(Extracted data entries)
[Start of Attachment]

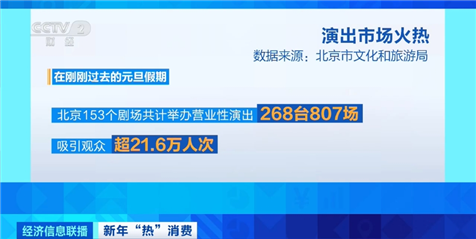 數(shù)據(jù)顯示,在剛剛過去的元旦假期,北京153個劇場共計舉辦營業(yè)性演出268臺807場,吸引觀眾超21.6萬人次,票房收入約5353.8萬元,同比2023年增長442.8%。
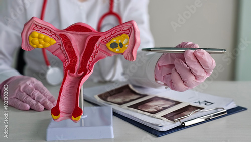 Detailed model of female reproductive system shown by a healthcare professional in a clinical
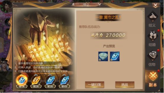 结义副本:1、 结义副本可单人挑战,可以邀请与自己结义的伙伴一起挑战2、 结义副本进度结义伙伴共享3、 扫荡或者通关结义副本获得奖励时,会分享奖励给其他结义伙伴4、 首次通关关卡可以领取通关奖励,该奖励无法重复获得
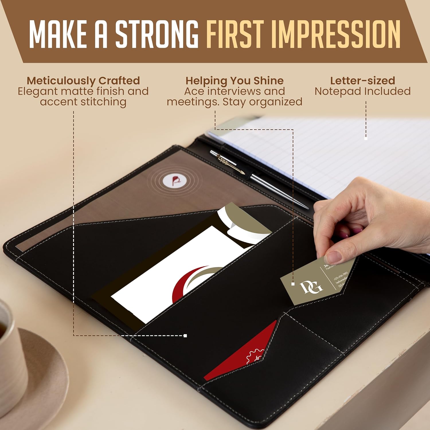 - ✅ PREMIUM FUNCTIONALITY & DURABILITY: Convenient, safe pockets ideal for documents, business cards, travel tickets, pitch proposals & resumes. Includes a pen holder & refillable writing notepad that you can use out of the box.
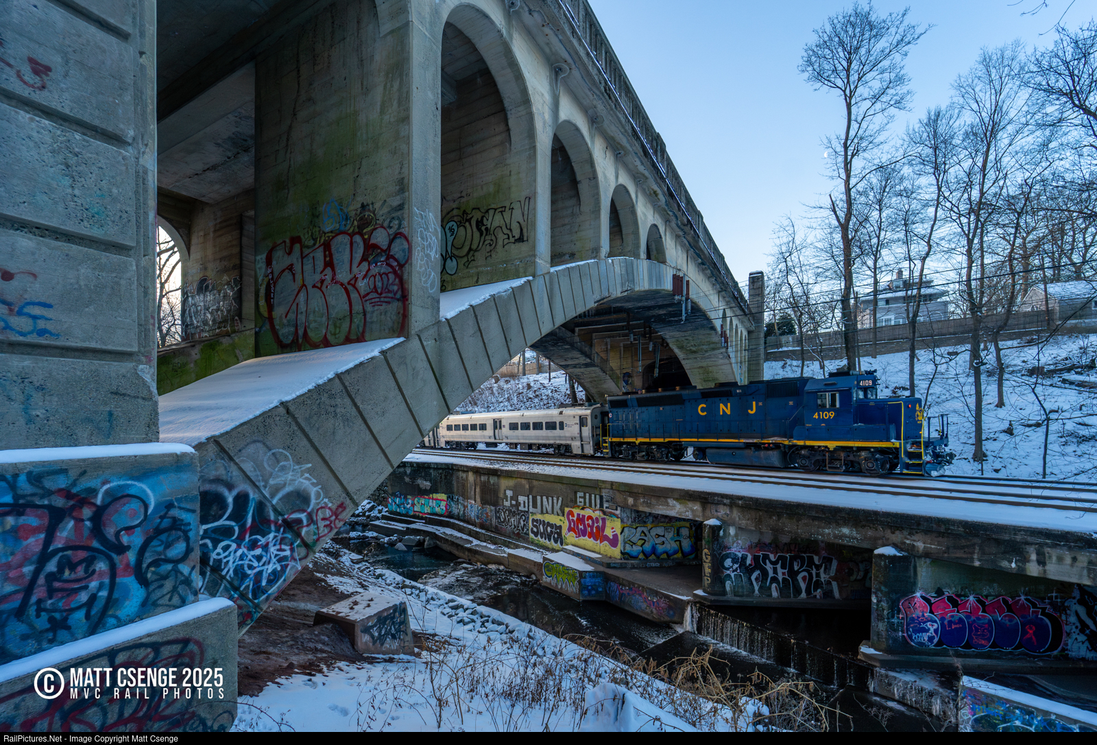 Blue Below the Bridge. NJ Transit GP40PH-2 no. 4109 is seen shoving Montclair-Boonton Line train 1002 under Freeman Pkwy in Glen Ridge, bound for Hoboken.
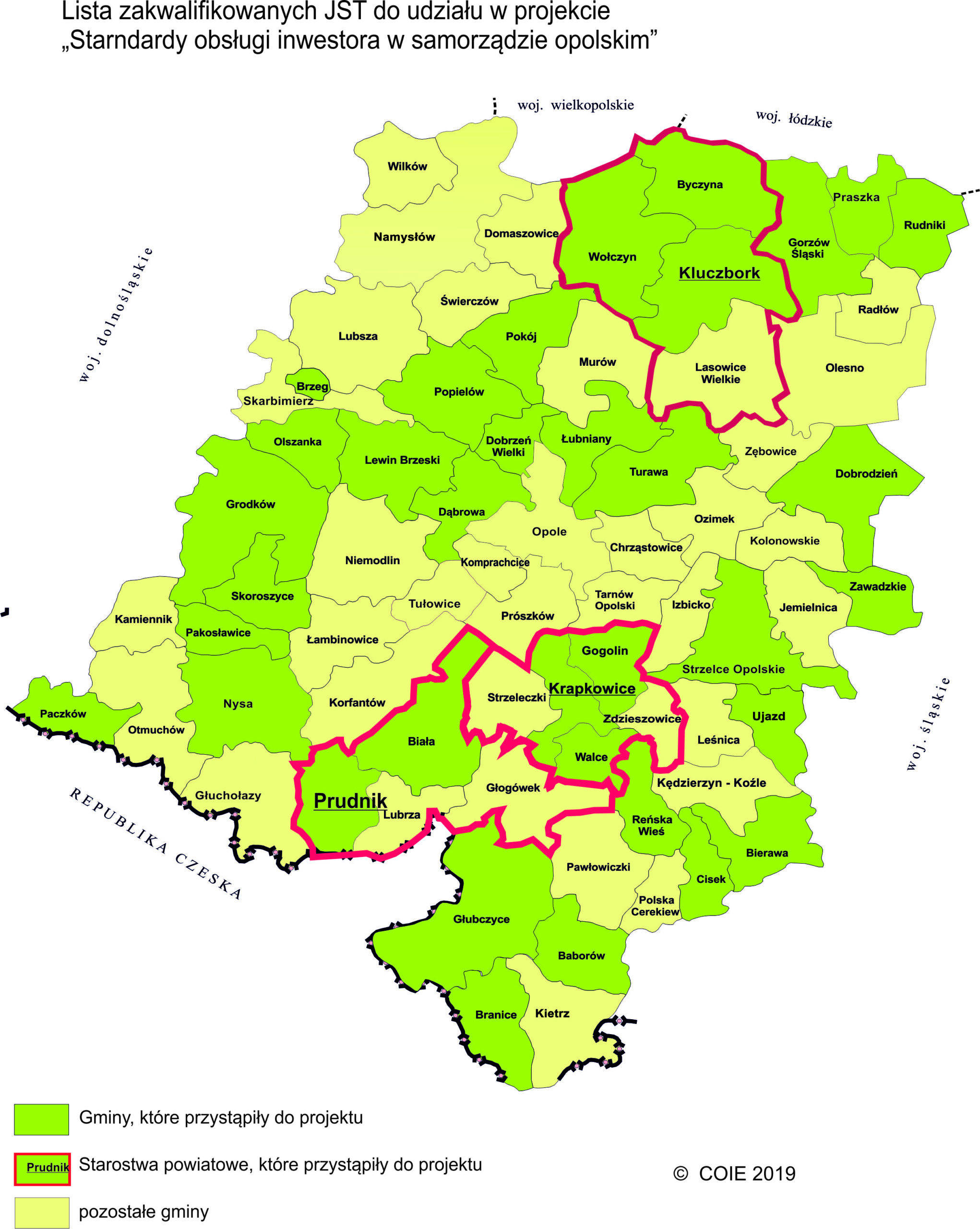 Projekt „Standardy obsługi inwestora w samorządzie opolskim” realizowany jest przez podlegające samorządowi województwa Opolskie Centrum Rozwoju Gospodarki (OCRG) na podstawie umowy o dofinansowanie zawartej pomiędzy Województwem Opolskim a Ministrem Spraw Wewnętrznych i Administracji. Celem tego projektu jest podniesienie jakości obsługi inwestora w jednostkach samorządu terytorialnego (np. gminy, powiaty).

[End of Attachment]

__Your goal__
The records above should be duplicated exactly, with none of their pictures kept.

__Written response__
 數(shù)據(jù)顯示,在剛剛過去的元旦假期,北京153個劇場共計舉辦營業(yè)性演出268臺807場,吸引觀眾超21.6萬人次,票房收入約5353.8萬元,同比2023年增長442.8%。
 Detailed model of female reproductive system shown by a healthcare professional in a clinical
 结义副本:1、 结义副本可单人挑战,可以邀请与自己结义的伙伴一起挑战2、 结义副本进度结义伙伴共享3、 扫荡或者通关结义副本获得奖励时,会分享奖励给其他结义伙伴4、 首次通关关卡可以领取通关奖励,该奖励无法重复获得
 - ✅ PREMIUM FUNCTIONALITY & DURABILITY: Convenient, safe pockets ideal for documents, business cards, travel tickets, pitch proposals & resumes. Includes a pen holder & refillable writing notepad that you can use out of the box.
 Blue Below the Bridge. NJ Transit GP40PH-2 no. 4109 is seen shoving Montclair-Boonton Line train 1002 under Freeman Pkwy in Glen Ridge, bound for Hoboken.
 Projekt „Standardy obsługi inwestora w samorządzie opolskim” realizowany jest przez podlegające samorządowi województwa Opolskie Centrum Rozwoju Gospodarki (OCRG) na podstawie umowy o dofinansowanie zawartej pomiędzy Województwem Opolskim a Ministrem Spraw Wewnętrznych i Administracji. Celem tego projektu jest podniesienie jakości obsługi inwestora w jednostkach samorządu terytorialnego (np. gminy, powiaty).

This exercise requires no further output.